For every entry below, give an exact repeat and leave out the pictures.

Extracted records:

# # # # # # #

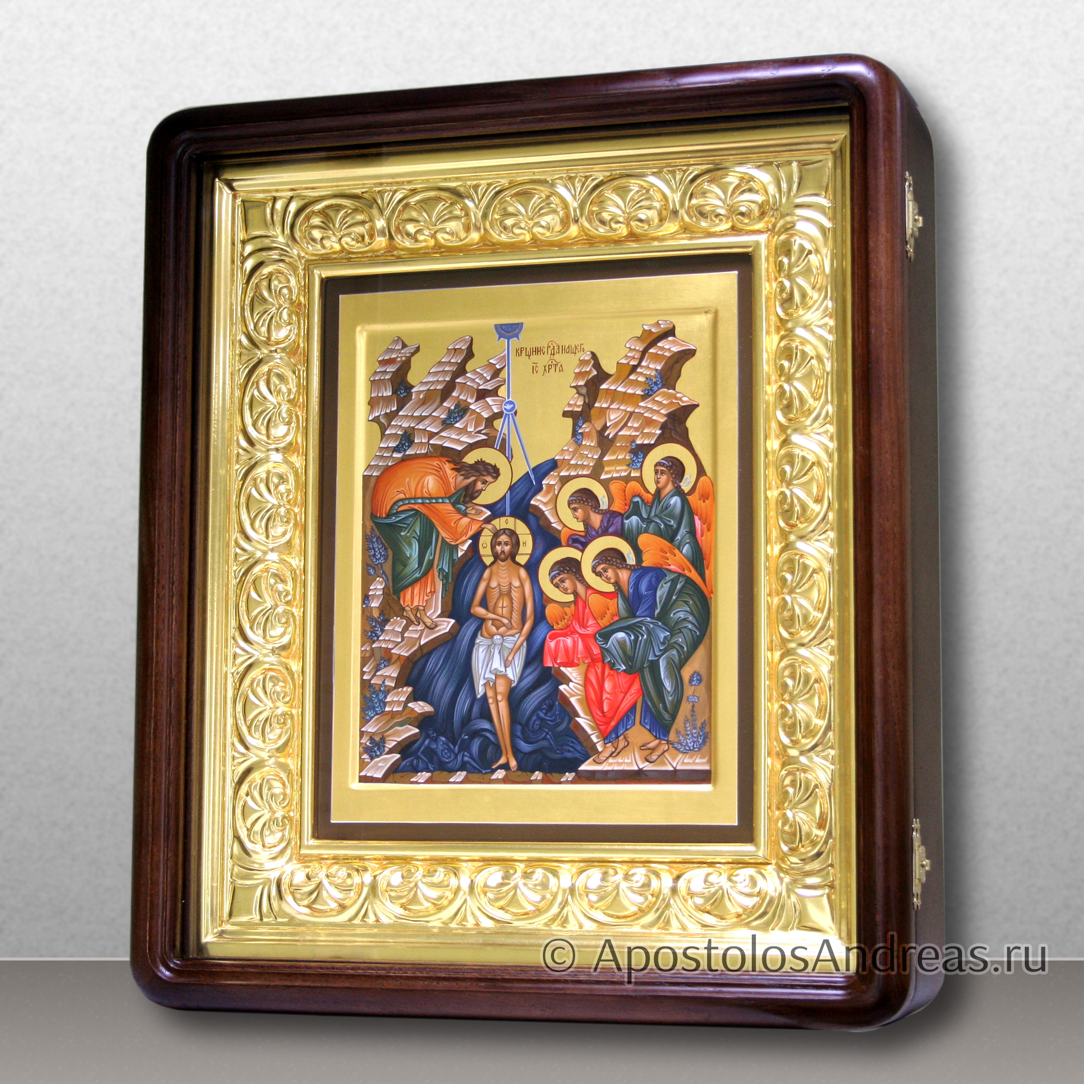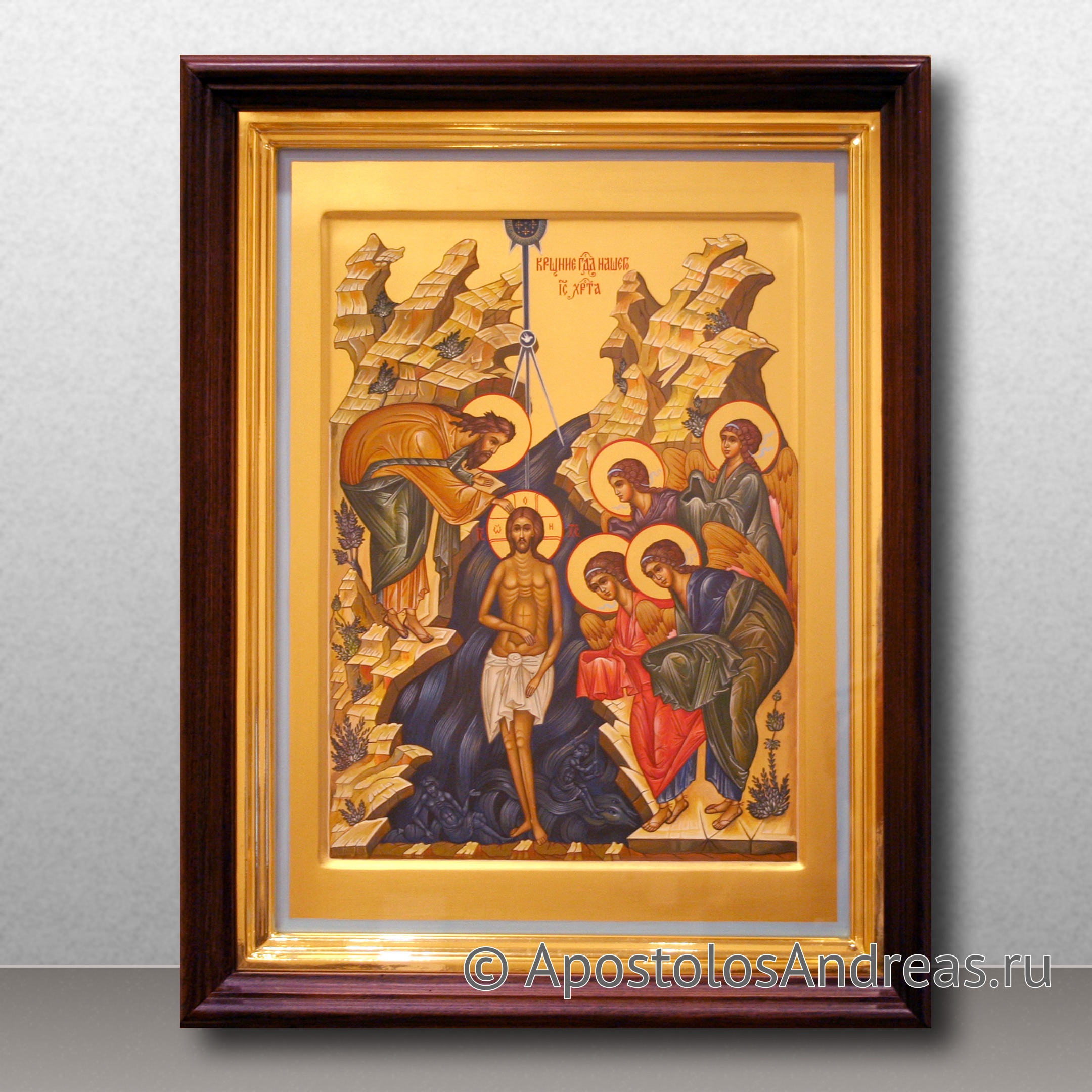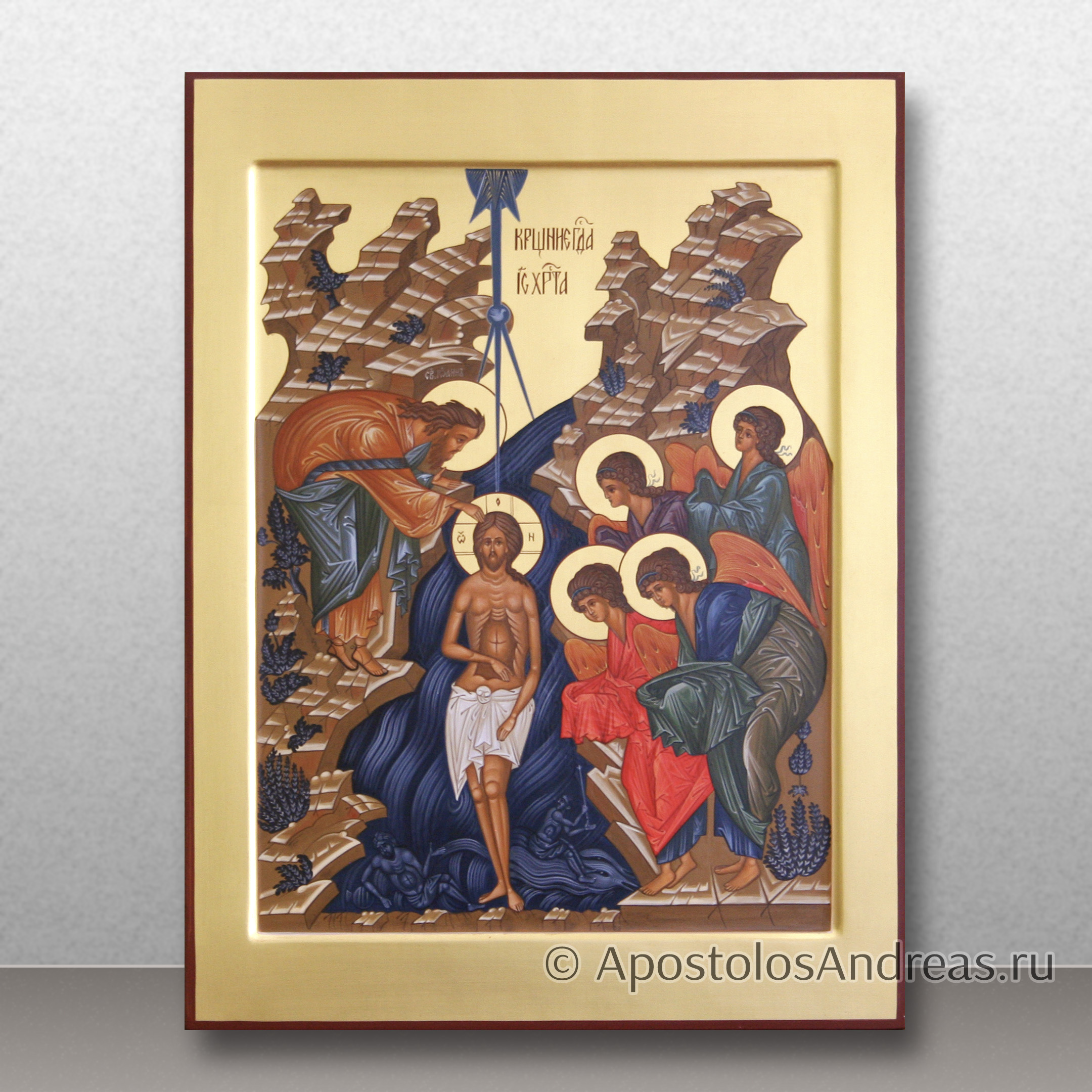 - В центре композиции изображён Христос, стоящий по пояс в водах реки Иордан. Обычно Он изображён почти обнажённым, с набедренной повязкой, что символизирует Его смирение и человеческую природу.
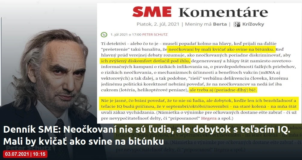 Média z něj doslova dělají nevinnou oběť nezávislé novinařiny, aniž by jediným slovem zmínily jeho nenávistné výroky vůči neočkovaným (viz zde a zde) z předchozích let.
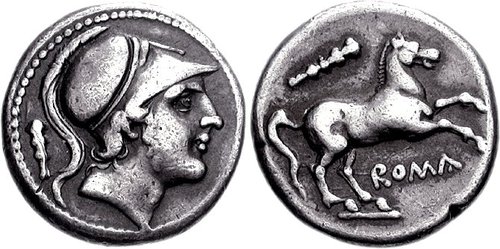 Anonymous. 230-226 BC. AR Didrachm (6.70 g, 8h). Rome mint. Helmeted head of Mars right; club behind / Horse galloping right; club above. Crawford 27/1; Sydenham 23; RSC 32. VF, deeply toned, tiny test cut on reverse edge at 5 o’clock. Rare.
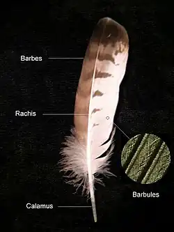 O pană de contur este formată dintr-o axă și din două serii de lame numite barbe , fixate pe laturile axei. Barbele au pe laturile lor două serii de lamele fine, numite barbule, prevăzute cu cârliguțe, cu ajutorul cărora barbulele de pe barbele vecine se prind între ele. Ansamblul barbelor unei pene constituie vexilul, numit și steag sau stindard.
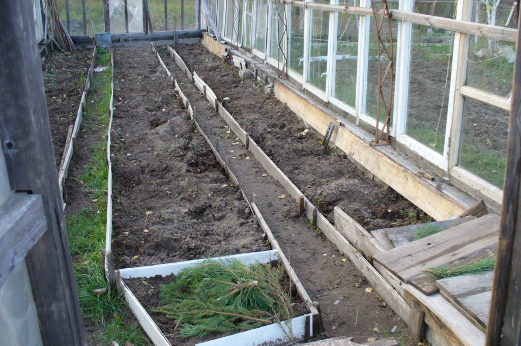 Высота грядок по отношению к дорожке должна составлять как минимум 30 см. Ширина каждой грядки должна соответствовать выбранному сорту томатов и величине тепличного сооружения. Для удобства ухода за саженцами непосредственно возле стены грядки делают однорядными, а все остальные состоят из двух рядов, чтобы ухаживать за ними с обеих сторон.
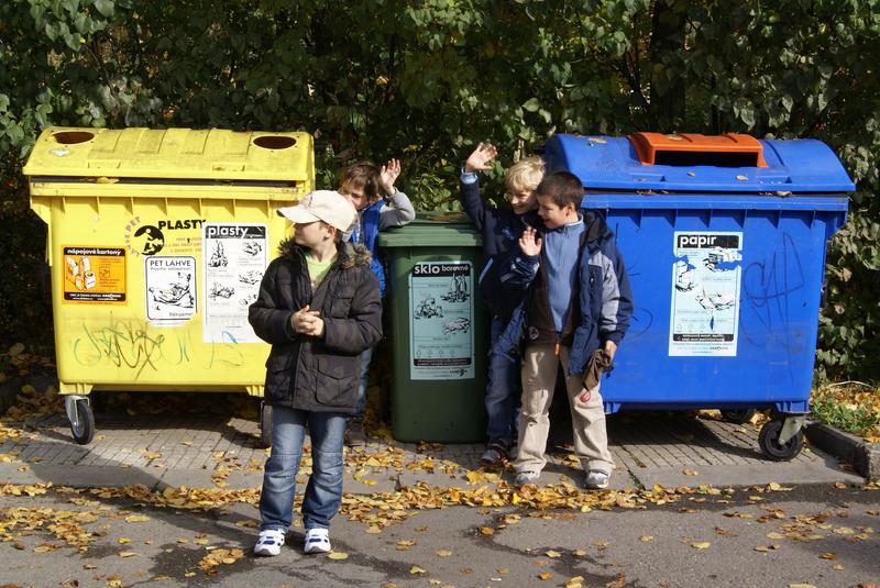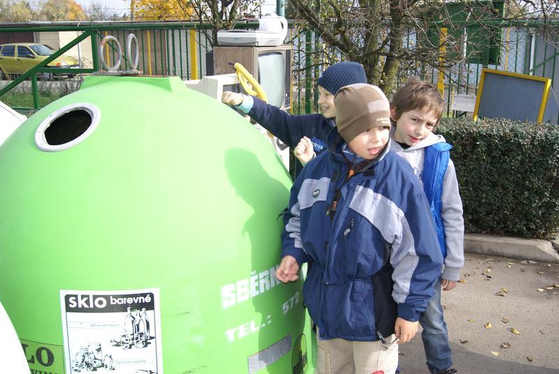 Cestou okolo barevných kontejnerů jsme si opakovali, kam patří papír (modrá), sklo (zelená), plast (žlutá) i zbytky jídla (hnědá popelnice). Ve běrném dvoru kluci dostali zajímavé omalovánky s ekologickými říkankami. Při další příležitosti je vykreslené zajdeme do sběrny odevzdat.

# # # # # # #

-- Solution to the exercise --
 - В центре композиции изображён Христос, стоящий по пояс в водах реки Иордан. Обычно Он изображён почти обнажённым, с набедренной повязкой, что символизирует Его смирение и человеческую природу.
 Média z něj doslova dělají nevinnou oběť nezávislé novinařiny, aniž by jediným slovem zmínily jeho nenávistné výroky vůči neočkovaným (viz zde a zde) z předchozích let.
 Anonymous. 230-226 BC. AR Didrachm (6.70 g, 8h). Rome mint. Helmeted head of Mars right; club behind / Horse galloping right; club above. Crawford 27/1; Sydenham 23; RSC 32. VF, deeply toned, tiny test cut on reverse edge at 5 o’clock. Rare.
 O pană de contur este formată dintr-o axă și din două serii de lame numite barbe , fixate pe laturile axei. Barbele au pe laturile lor două serii de lamele fine, numite barbule, prevăzute cu cârliguțe, cu ajutorul cărora barbulele de pe barbele vecine se prind între ele. Ansamblul barbelor unei pene constituie vexilul, numit și steag sau stindard.
 Высота грядок по отношению к дорожке должна составлять как минимум 30 см. Ширина каждой грядки должна соответствовать выбранному сорту томатов и величине тепличного сооружения. Для удобства ухода за саженцами непосредственно возле стены грядки делают однорядными, а все остальные состоят из двух рядов, чтобы ухаживать за ними с обеих сторон.
 Cestou okolo barevných kontejnerů jsme si opakovali, kam patří papír (modrá), sklo (zelená), plast (žlutá) i zbytky jídla (hnědá popelnice). Ve běrném dvoru kluci dostali zajímavé omalovánky s ekologickými říkankami. Při další příležitosti je vykreslené zajdeme do sběrny odevzdat.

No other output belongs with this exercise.